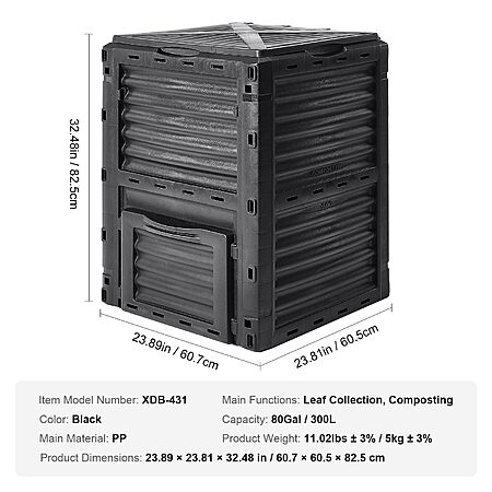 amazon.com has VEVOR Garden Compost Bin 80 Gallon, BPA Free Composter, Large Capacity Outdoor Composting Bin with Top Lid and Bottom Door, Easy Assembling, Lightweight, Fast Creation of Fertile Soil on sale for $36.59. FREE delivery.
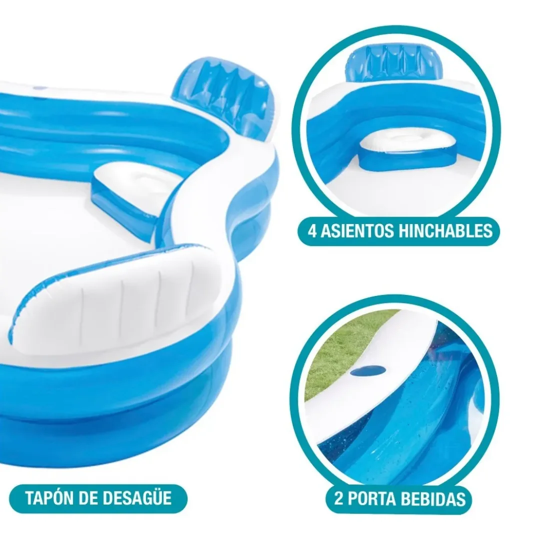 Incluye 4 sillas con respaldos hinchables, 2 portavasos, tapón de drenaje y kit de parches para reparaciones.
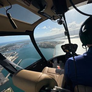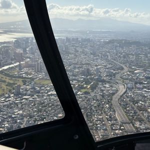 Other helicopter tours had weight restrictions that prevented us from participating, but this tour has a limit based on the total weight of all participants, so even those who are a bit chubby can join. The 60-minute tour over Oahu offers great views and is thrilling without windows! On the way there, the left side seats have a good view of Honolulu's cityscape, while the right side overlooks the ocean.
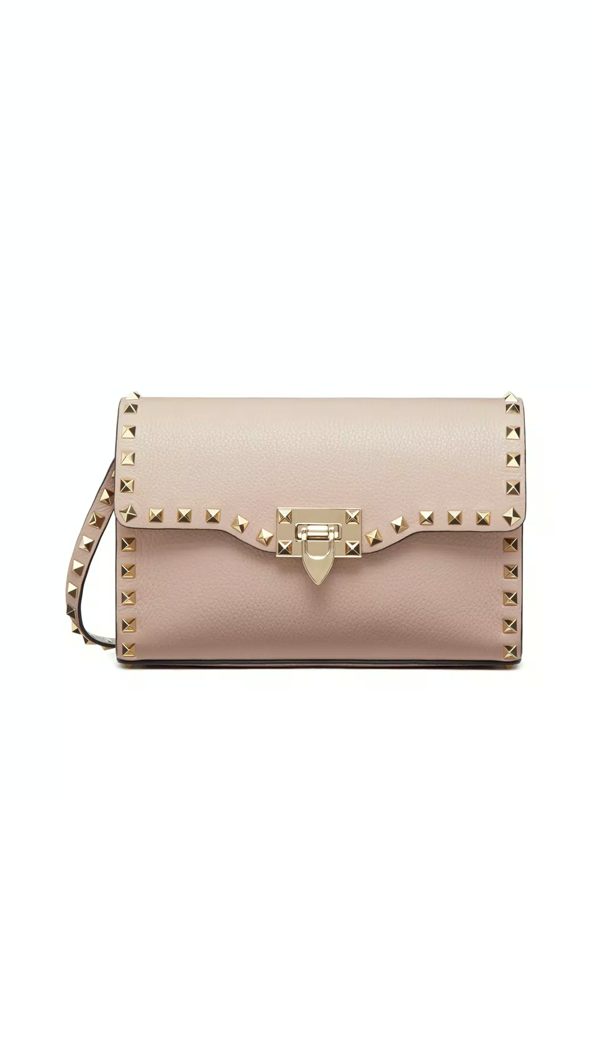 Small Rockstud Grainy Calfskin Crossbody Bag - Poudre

**Task requirements**
Copy the listing above in full and exactly, but omit each picture that it holds.

**Your solution**
 amazon.com has VEVOR Garden Compost Bin 80 Gallon, BPA Free Composter, Large Capacity Outdoor Composting Bin with Top Lid and Bottom Door, Easy Assembling, Lightweight, Fast Creation of Fertile Soil on sale for $36.59. FREE delivery.
 Incluye 4 sillas con respaldos hinchables, 2 portavasos, tapón de drenaje y kit de parches para reparaciones.
 Other helicopter tours had weight restrictions that prevented us from participating, but this tour has a limit based on the total weight of all participants, so even those who are a bit chubby can join. The 60-minute tour over Oahu offers great views and is thrilling without windows! On the way there, the left side seats have a good view of Honolulu's cityscape, while the right side overlooks the ocean.
 Small Rockstud Grainy Calfskin Crossbody Bag - Poudre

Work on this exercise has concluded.